2013 is here and 2012 is behind us. 2012 started great and continued to gained steady momentum. We thought it would be worthwhile to review.
We started the year with a battered national economy, high unemployment and low credit liquidity, which hampered the economic recovery. However, by the end of the year, national markets have began healing as housing and other real estate inventory declined and demand improved.
In Texas, strong job growth and low inventory in the major metros created high demand for all channels of real estate, which in turn created more jobs in a state that has led the nation in job creation over the last five years.
When we look back, 2012 will have set a lot of milestones for each metro. I thought we would look at what we consider some of the biggest starting with Austin. We will follow up in future weeks with the other Texas metros.
Biggest successful groundbreaking: Formula One
The announcement of the Circuit of the Americas track took many people in Austin and Texas by surprise. While there was some skepticism in racing circles about plans to bring a Formula One event to Austin in 2012, there has been plenty of support and enthusiasm for the project both locally and internationally.

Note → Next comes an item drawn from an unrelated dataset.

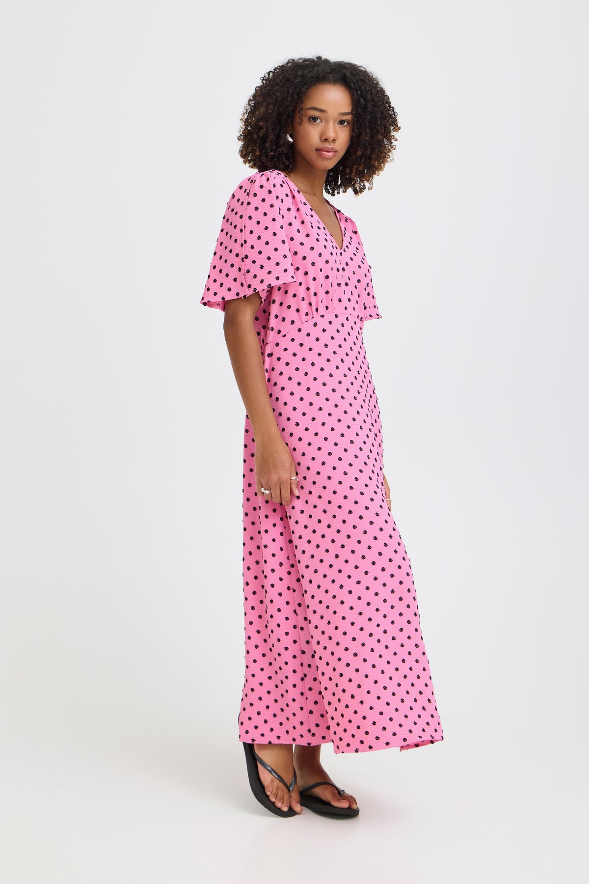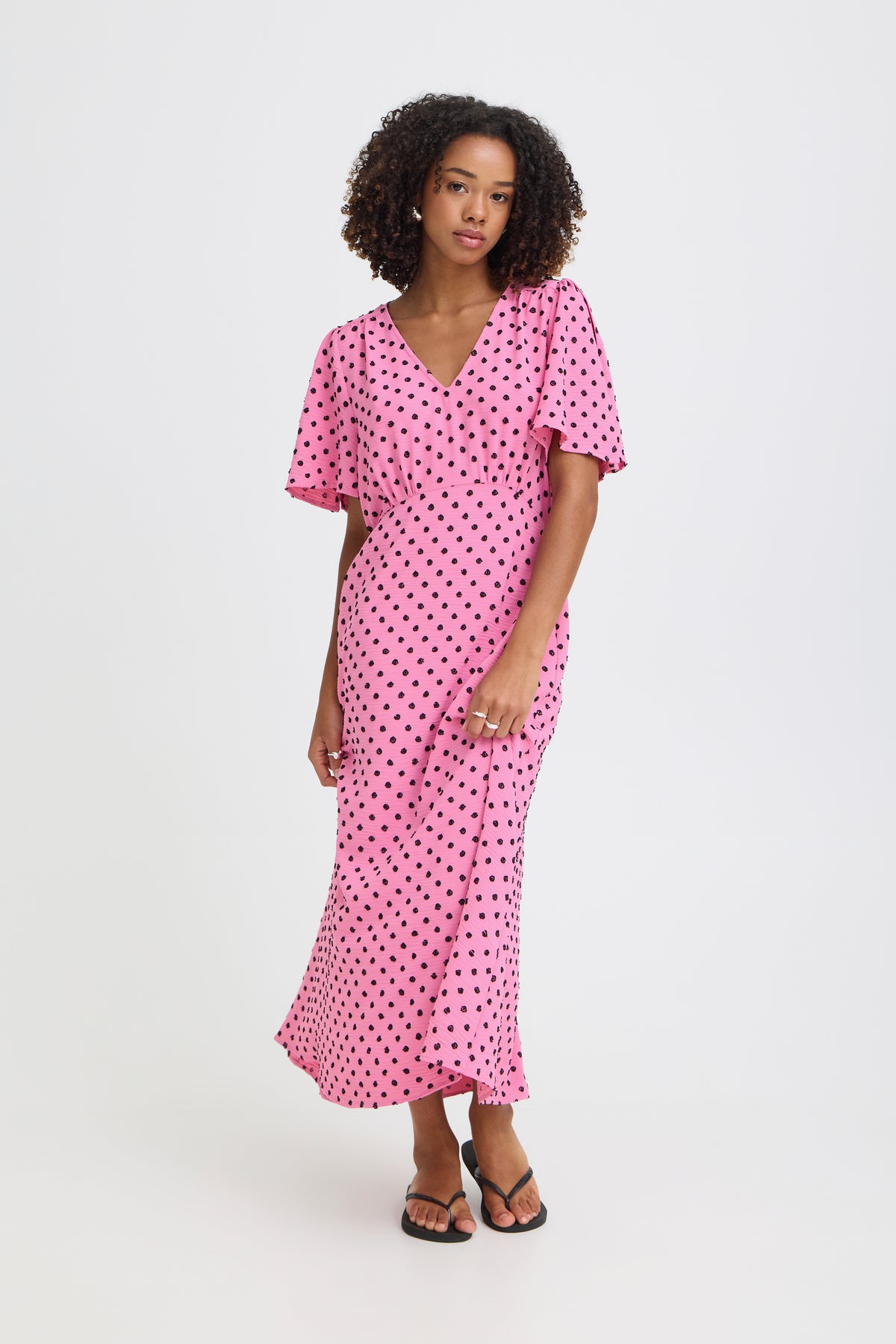 - Fit: Elegant Polka dot midi dress features a flattering V-neckline, softly draped flutter sleeves, and a gently fitted silhouette with a fluid A-line skirt.
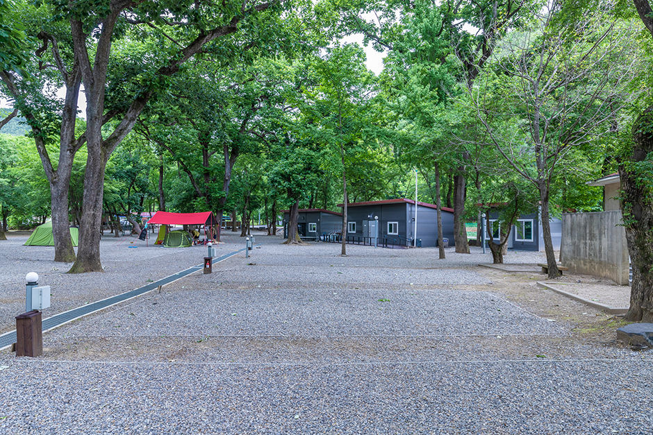 금관숲 캠핑장은 충북 청주시 상당구 미원면에 있다. 청주시청을 기점으로 30Km 가량 떨어졌다. 자동차를 타고 산성으로, 남부로, 운암계원로를 차례로 거치면 닿는다. 도착까지 걸리는 시간은 30분 안팎이다. 캠핑장에 발을 들이면 굵직한 수목 그늘이 시선을 끈다. 안쪽으로 들어가면 보는 것만으로도 시원해지는 계곡이 즐거움을 선사하는 이곳은, 한여름 무더위를 물리칠 수 있는 모든 요소를 갖췄다. 캠핑장에는 오토캠핑 사이트 39면이 있다. 바닥 형태는 모두 파쇄석이며, 크기는 가로 5.5m 세로 7~8m다. 안전을 감안해 캠핑장 내부에 차량 출입을 통제하고 있다. 대신 장비를 옮길 손수레를 대여해준다. 이곳에는 당일 피크닉 구역도 운영 중이다. 오전 중 언제든 들어와서 오후 7시 전까지만 나가면 된다. 소형견에 한해 동반 입장을 허용하며, 목줄 착용은 필수다.

By many measures, Austin’s Formula One debut was a big success. The nearly two years of planning and prepping paid off: Circuit of the America’s state-of-the-art track and facility in Elroy won widespread praise from drivers and fans, many of whom said they would be returning for next year’s race. Despite some long shuttle lines and bottlenecks, Capital Metro efficiently moved thousands of fans to the event without the expected hours-long traffic jams. Many downtown businesses benefited from larger crowds, and the city of Austin came across as welcoming and charming on an international stage, which could boost tourism in the future.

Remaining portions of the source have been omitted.